> [DIRECTIONS]
Everything from the line containing "- # 131507 We" to the last line of the material below must be retyped exactly, both ends included; skip the pictures.

> [PROVIDED DATA]
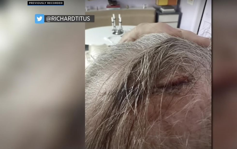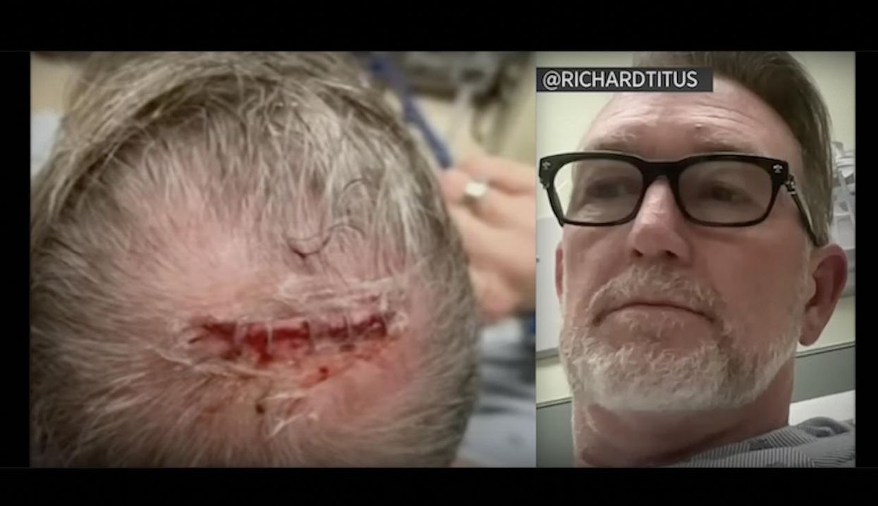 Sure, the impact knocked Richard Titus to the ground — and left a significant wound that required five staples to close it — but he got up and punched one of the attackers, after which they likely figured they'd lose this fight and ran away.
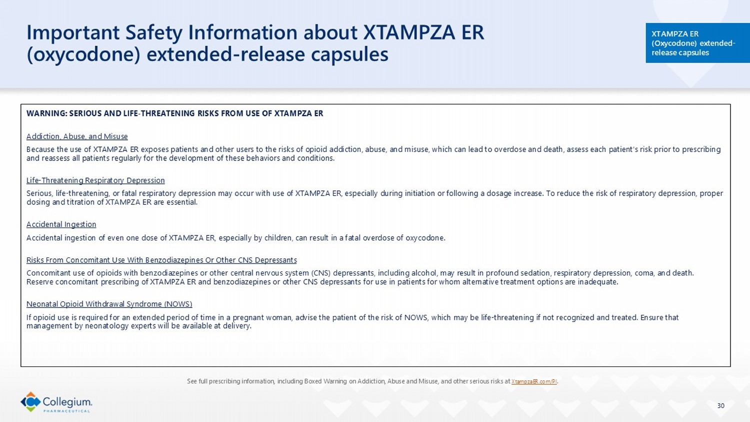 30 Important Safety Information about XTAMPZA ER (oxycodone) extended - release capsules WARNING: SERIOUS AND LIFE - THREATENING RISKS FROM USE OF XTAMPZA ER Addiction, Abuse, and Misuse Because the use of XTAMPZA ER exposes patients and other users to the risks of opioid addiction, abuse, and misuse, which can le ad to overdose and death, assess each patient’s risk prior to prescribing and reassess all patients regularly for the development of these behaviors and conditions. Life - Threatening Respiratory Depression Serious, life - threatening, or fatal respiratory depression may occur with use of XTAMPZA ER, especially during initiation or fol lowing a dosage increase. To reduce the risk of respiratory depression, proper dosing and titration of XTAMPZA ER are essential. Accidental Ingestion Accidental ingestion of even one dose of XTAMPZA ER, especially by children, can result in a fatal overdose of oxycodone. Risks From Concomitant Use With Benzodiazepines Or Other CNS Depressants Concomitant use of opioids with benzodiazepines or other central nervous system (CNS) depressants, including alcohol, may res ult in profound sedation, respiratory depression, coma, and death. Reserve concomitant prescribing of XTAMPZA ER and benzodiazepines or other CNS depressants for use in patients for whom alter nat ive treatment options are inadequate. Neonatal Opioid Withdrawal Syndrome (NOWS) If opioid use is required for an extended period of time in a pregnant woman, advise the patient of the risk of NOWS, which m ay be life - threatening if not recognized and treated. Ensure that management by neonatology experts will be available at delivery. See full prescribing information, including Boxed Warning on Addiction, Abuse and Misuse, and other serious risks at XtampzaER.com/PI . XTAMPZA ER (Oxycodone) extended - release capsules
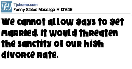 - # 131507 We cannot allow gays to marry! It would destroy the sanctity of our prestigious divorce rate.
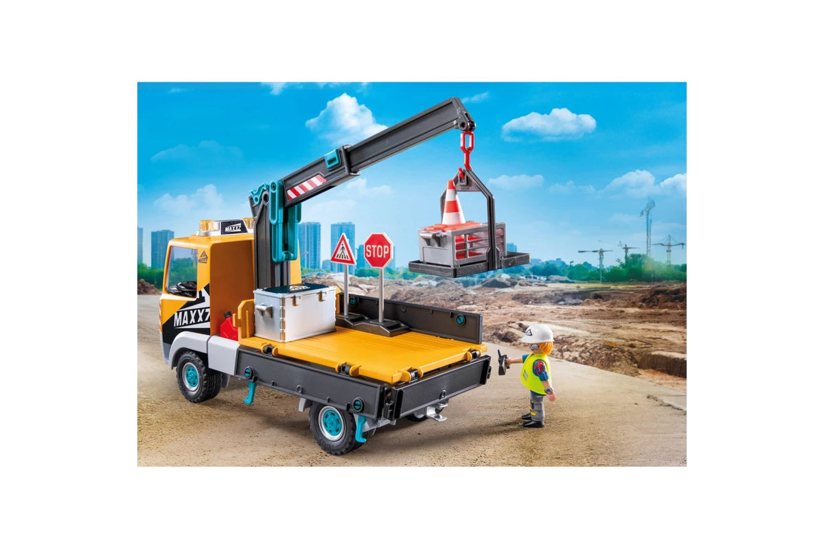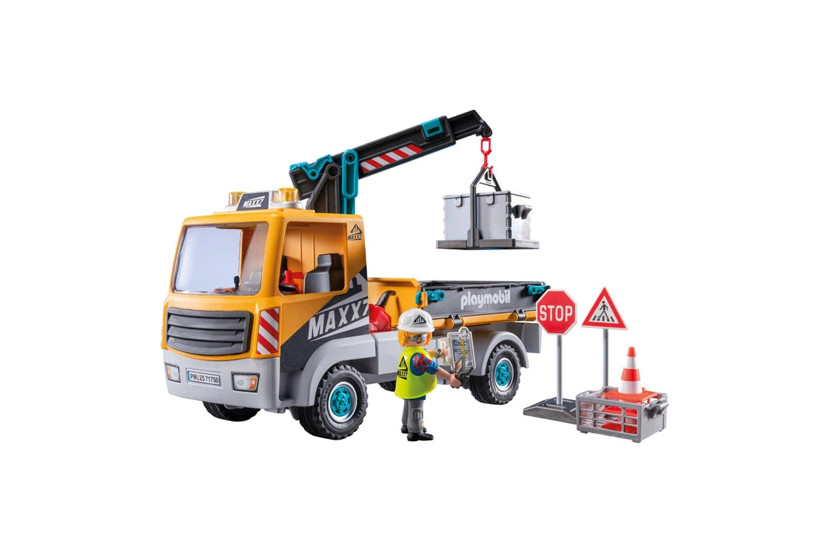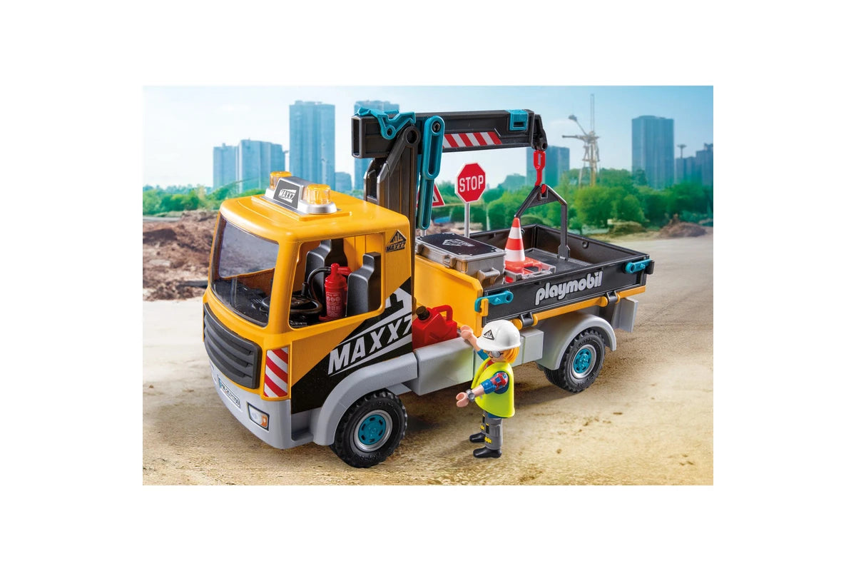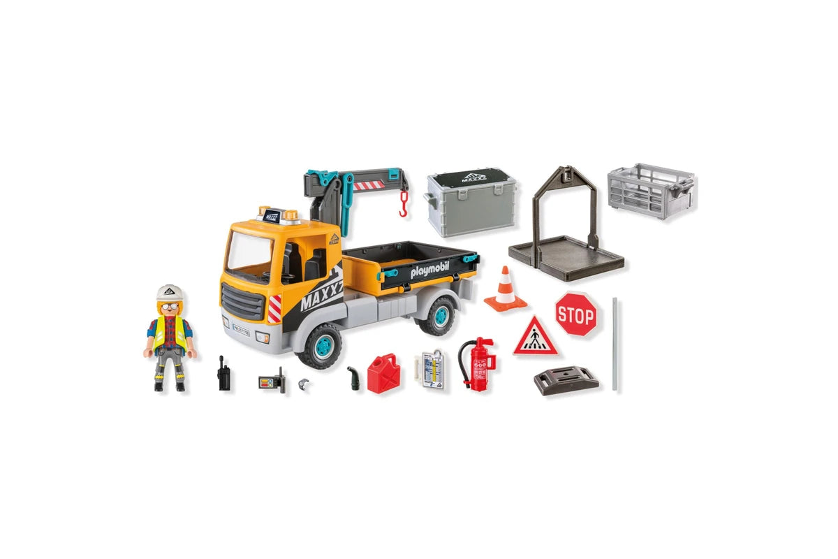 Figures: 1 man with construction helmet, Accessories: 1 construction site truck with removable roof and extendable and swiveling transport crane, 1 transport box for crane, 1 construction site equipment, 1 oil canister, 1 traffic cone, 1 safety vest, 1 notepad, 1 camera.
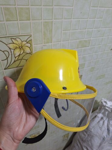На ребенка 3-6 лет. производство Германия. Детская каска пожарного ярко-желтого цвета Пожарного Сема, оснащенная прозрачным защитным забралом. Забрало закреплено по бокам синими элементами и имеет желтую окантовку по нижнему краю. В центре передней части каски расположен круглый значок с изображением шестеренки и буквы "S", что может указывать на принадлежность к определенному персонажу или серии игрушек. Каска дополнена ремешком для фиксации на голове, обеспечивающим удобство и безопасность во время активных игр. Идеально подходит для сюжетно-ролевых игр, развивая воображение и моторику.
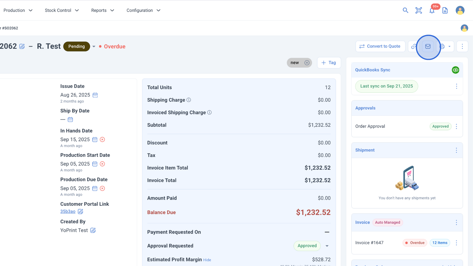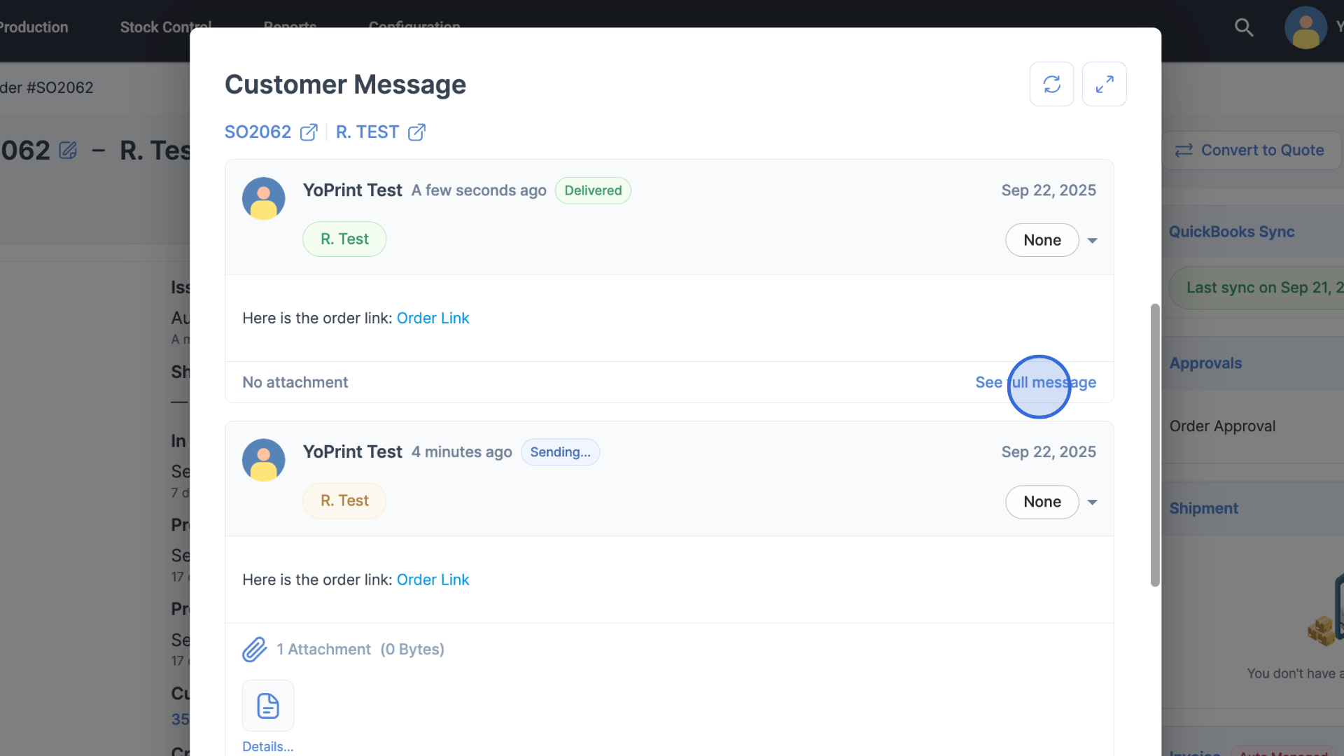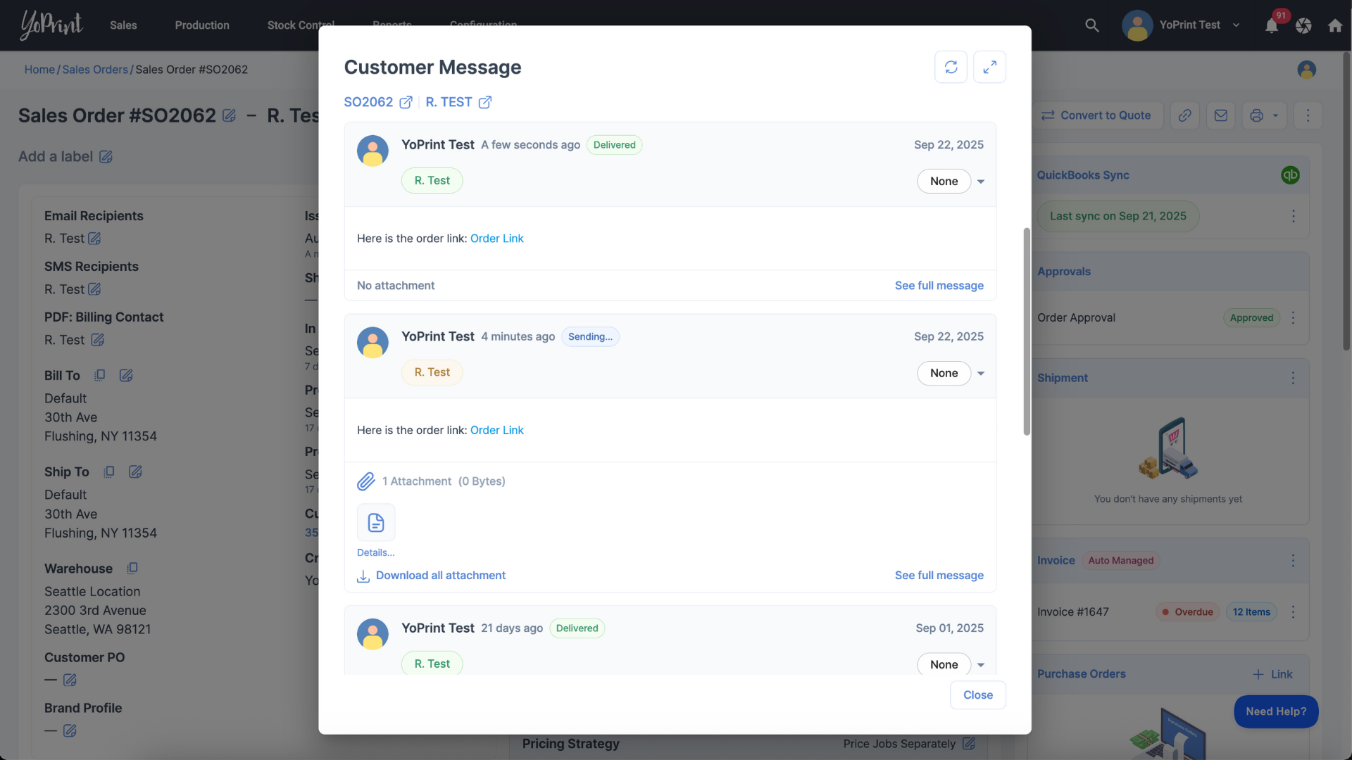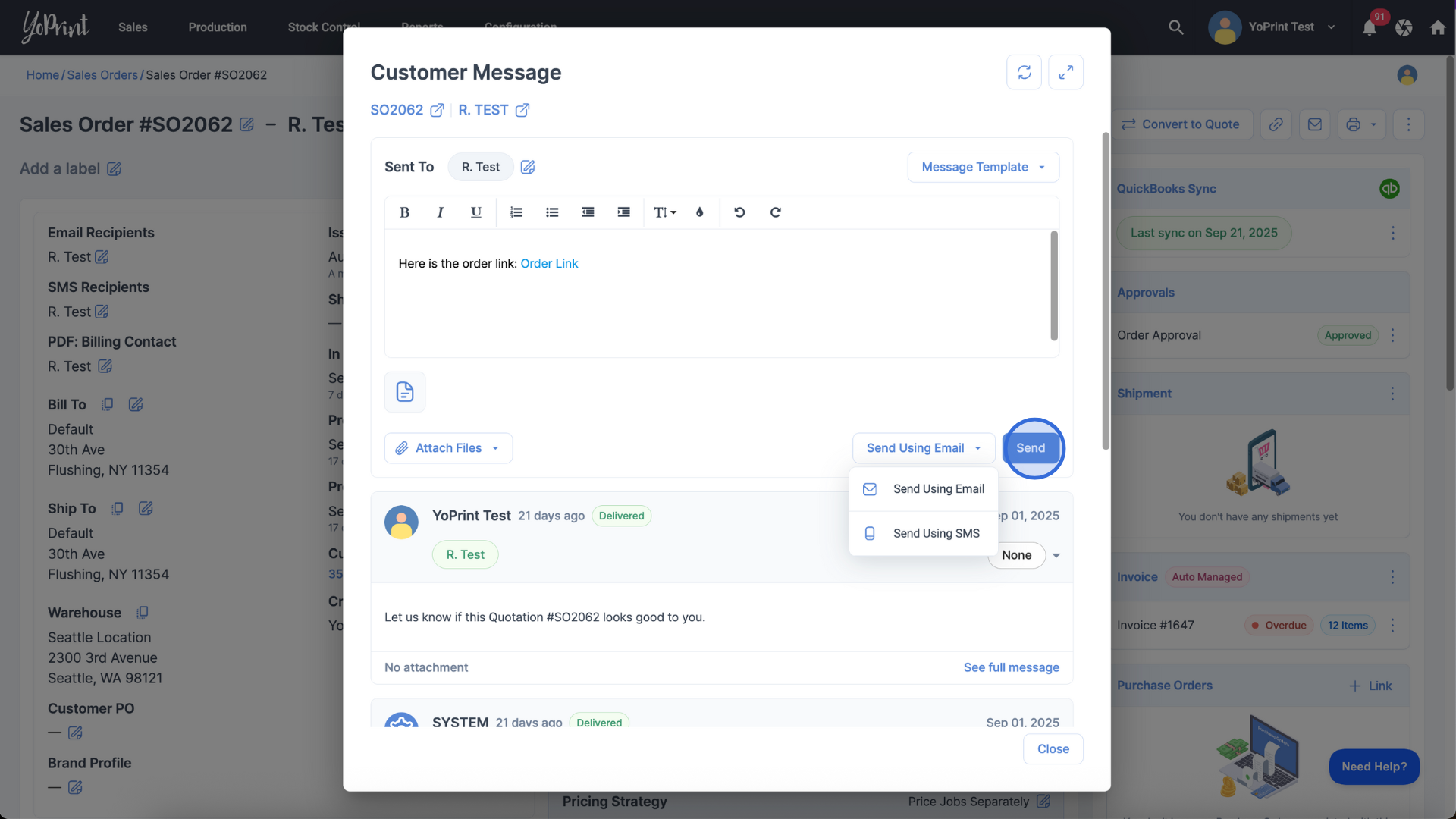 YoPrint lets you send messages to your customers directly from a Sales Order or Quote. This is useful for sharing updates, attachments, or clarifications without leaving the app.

> [REPLY]
 - # 131507 We cannot allow gays to marry! It would destroy the sanctity of our prestigious divorce rate.
 Figures: 1 man with construction helmet, Accessories: 1 construction site truck with removable roof and extendable and swiveling transport crane, 1 transport box for crane, 1 construction site equipment, 1 oil canister, 1 traffic cone, 1 safety vest, 1 notepad, 1 camera.
На ребенка 3-6 лет. производство Германия. Детская каска пожарного ярко-желтого цвета Пожарного Сема, оснащенная прозрачным защитным забралом. Забрало закреплено по бокам синими элементами и имеет желтую окантовку по нижнему краю. В центре передней части каски расположен круглый значок с изображением шестеренки и буквы "S", что может указывать на принадлежность к определенному персонажу или серии игрушек. Каска дополнена ремешком для фиксации на голове, обеспечивающим удобство и безопасность во время активных игр. Идеально подходит для сюжетно-ролевых игр, развивая воображение и моторику.
 YoPrint lets you send messages to your customers directly from a Sales Order or Quote. This is useful for sharing updates, attachments, or clarifications without leaving the app.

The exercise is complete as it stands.